Le 7 octobre 1760 (avril 1761).

Gotzkowsky vient, mon cher marquis, de me rendre votre lettre. Ne soyez pas en peine de ma bonne ville de Berlin; on a pourvu à tout, et les bourgeois ne seront molestés en rien.a Je voudrais qu'on pût terminer de même des affaires plus importantes qui m'inquiètent. Cependant nous venons de prendre encore un colonel, cent hommes et quatre canons aux cercles. Ils sont à présent entièrement expulsés de la Saxe. Nos hussards ont fait des merveilles. Ces petits succès, mon cher marquis, font que je m'applique ce proverbe latin : Maximus in minimis et minimus in maximis.b L'expédition de la Hesse échoue, et nous nous applaudissons beaucoup d'une centaine de galeux et de quelques coulevrines que nous avons pris. Nos nouvelles levées vont assez bien.
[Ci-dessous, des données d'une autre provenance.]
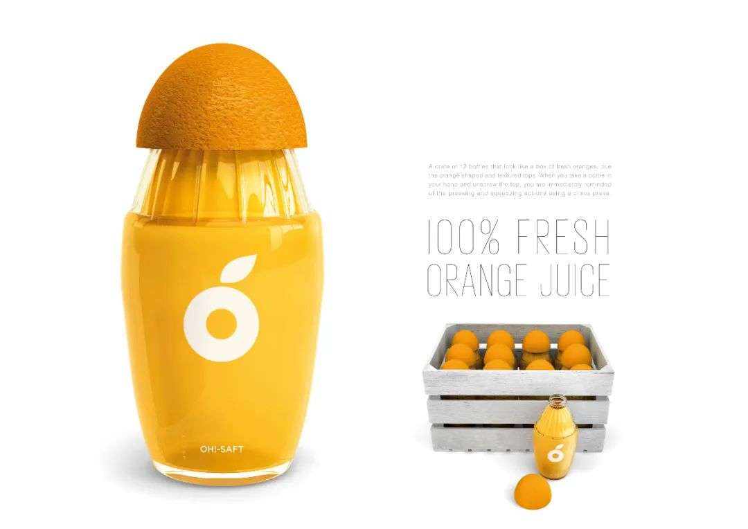 还可以将瓶盖设计成一个小泵,掀开瓶盖的过程,就如同从瓶中“榨”出果汁。

Reste à savoir si le Du Moulin en a menti en Suède, ou s'il y a dit vrai. S'il a menti, moi, à la tête de mes décrotteurs, de mes ramoneurs de cheminée, de mes larrons de bataillons francs, je me battrai comme un preux chevalier. Si Du Moulin a dit vrai, j'écrirai sur mon épée : Point homicide ne seras,c et je m'en retournerai à ma charrue comme Quinctius Cincinnatus. Avouez, marquis, qu'un petit trait d'érudition et quelques mots latins donnent de la grâce au style. Un ignorant se pâme d'aise lorsqu'il peut se donner un air scientifique. Quand je suis assez heureux que d'accrocher quelque passage latin, je compare aussitôt mes lettres à celles d'Algarotti,d et


a Le Roi paya lui-même, pour soulager sa capitale, cette contribution, qui était de deux millions. Voyez, aux archives de la ville de Berlin, sa lettre au conseiller intime Kircheisen, président de la ville, en date de Meissen, 7 avril 1761.

b Voyez ci-dessus, p. 217.

c Voyez t. III, p. 15.

d Voyez t. XVIII, p. 54, 62, 72, 76, etc.